Silicone (meth) acrylate usually has an organosiloxane unit [—Si (—R) ₂ —O—] (the group R represents a substituent), and the number of Si atoms (or organosiloxane units) is One or more (for example, about 1 to 30, preferably about 1 to 20, more preferably about 1 to 15) may be included in one molecule. Moreover, the number of (meth) acryloyl groups may be 2 or more (for example, 2 to 20, preferably 2 to 15, more preferably about 2 to 10) in one molecule.

The silicone (meth) acrylate may be a monomer, an oligomer (or prepolymer), or a combination of monomers and oligomers. The oligomer (prepolymer) may be a polysiloxane oligomer having a plurality of (—Si—O) bonds, and may be a hydrolytic condensable group (for example, a C _1-4 alkoxy group such as methoxy or ethoxy, It may be a multimer such as a dimer or trimer by hydrolytic condensation of a silicone (meth) acrylate monomer having a halogen atom such as a chlorine atom.

  Typical silicone (meth) acrylates include silicone mono to tetra (meth) acrylate having one Si atom in one molecule, silicone tetra to hexa (meth) acrylate having two Si atoms in one molecule, and the like. It can be illustrated.

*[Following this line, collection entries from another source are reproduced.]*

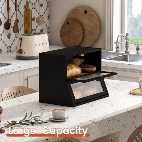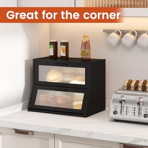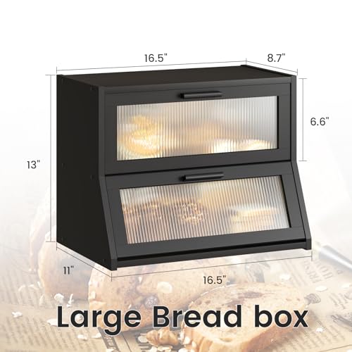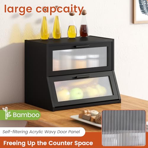 GHWIE - جي اتش دبليو آي اي صندوق خبز مزدوج الطبقات، سعة كبيرة، منظم سطح الطاولة من الخيزران
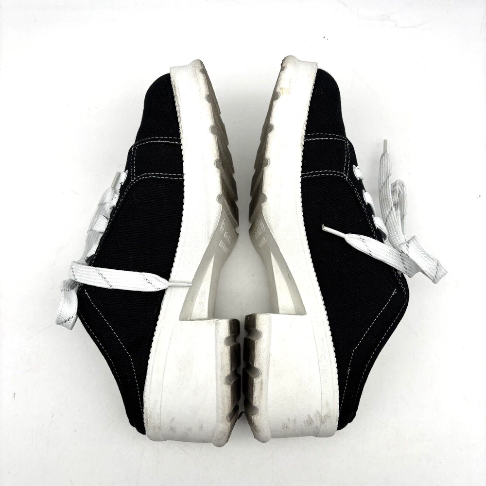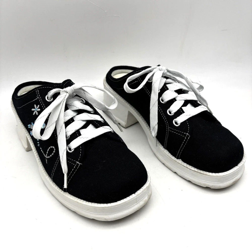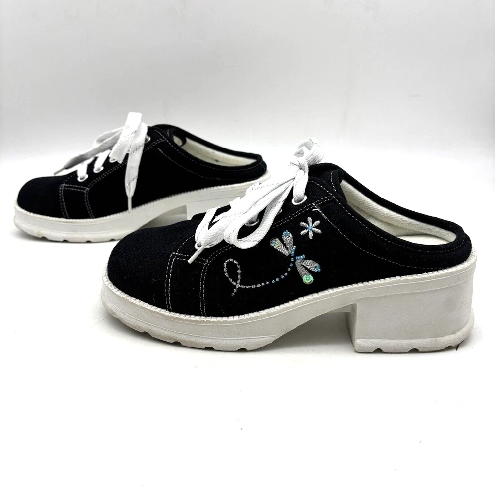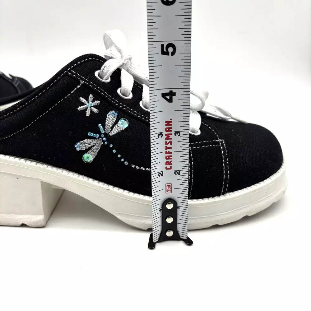 Vintage 90s Y2K No Boundaries Platform Sneakers Model: MICHELE Black Canvas Upper Lace Up Slip On Open Back Round Toe Block Heel Metallic Silver Embroidered Beaded Dragonflies on Sides Shoe Width: Standard 2.5" heel 1" platform Women's Size US 8.5 UK 6.5 EU 39 Great vintage pre owned condition. Gently owned. Mild wear on soles - shown in photos. Otherwise, no rips, tears, stains, holes or other notable flaws. Clean and from a smoke free home.
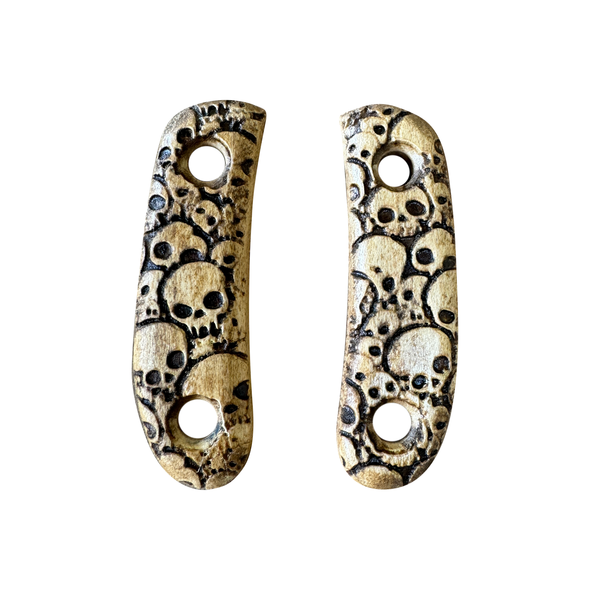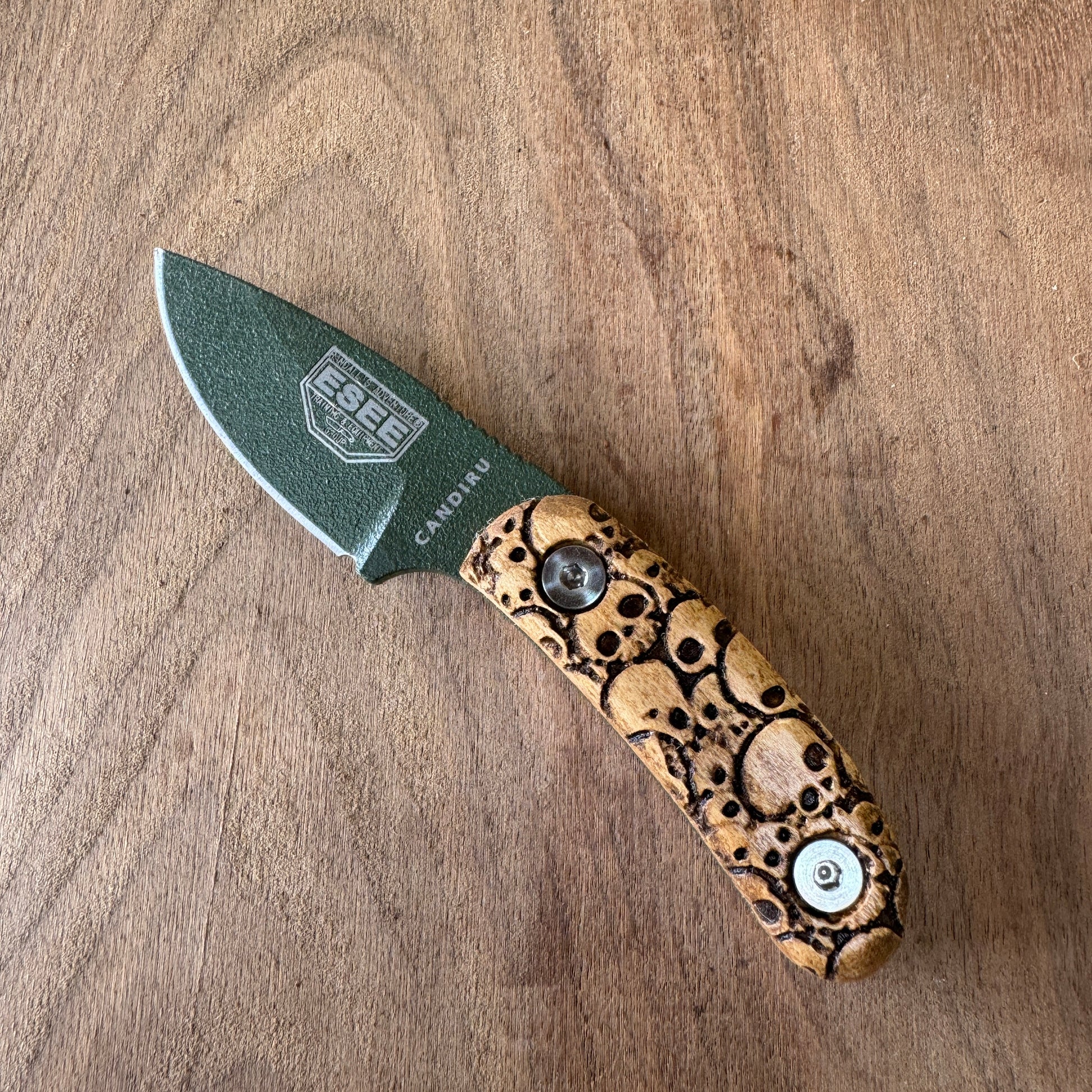 Elevate the look of your ESEE Candiru knife with this meticulously crafted handle, designed for enthusiasts who appreciate a touch of the macabre. This handle is not your average accessory; it's a statement piece that combines functionality with a bold aesthetic.

  Among these silicone (meth) acrylates, a plurality of (for example, 2 to 10, preferably 3 to 8, more preferably about 4 to 7) (meth) acryloyl groups and one or more in one molecule. Silicone (meth) acrylate component having a Si atom (for example, 1 to 20, preferably 1 to 10, more preferably about 1 to 6) [for example, silicone di to hexa (meth) acrylate, preferably silicone Tri to hexa (meth) acrylate] is preferable. Silicone di (meth) acrylate is available under the trade name “EBECRYL350” (manufactured by Daicel Cytec Co., Ltd.). Silicone hexa (meth) acrylate is trade name “EBECRYL1360” (manufactured by Daicel Cytech Co., Ltd.). ) Etc.

  The proportion of the silicon-containing polyfunctional (meth) acrylate is, for example, 0.1 to 30 parts by weight, preferably 0.2 to 20 parts by weight, more preferably 100 parts by weight of the silicon-free polyfunctional (meth) acrylate. Is about 0.5 to 10 parts by weight (particularly 1 to 5 parts by weight).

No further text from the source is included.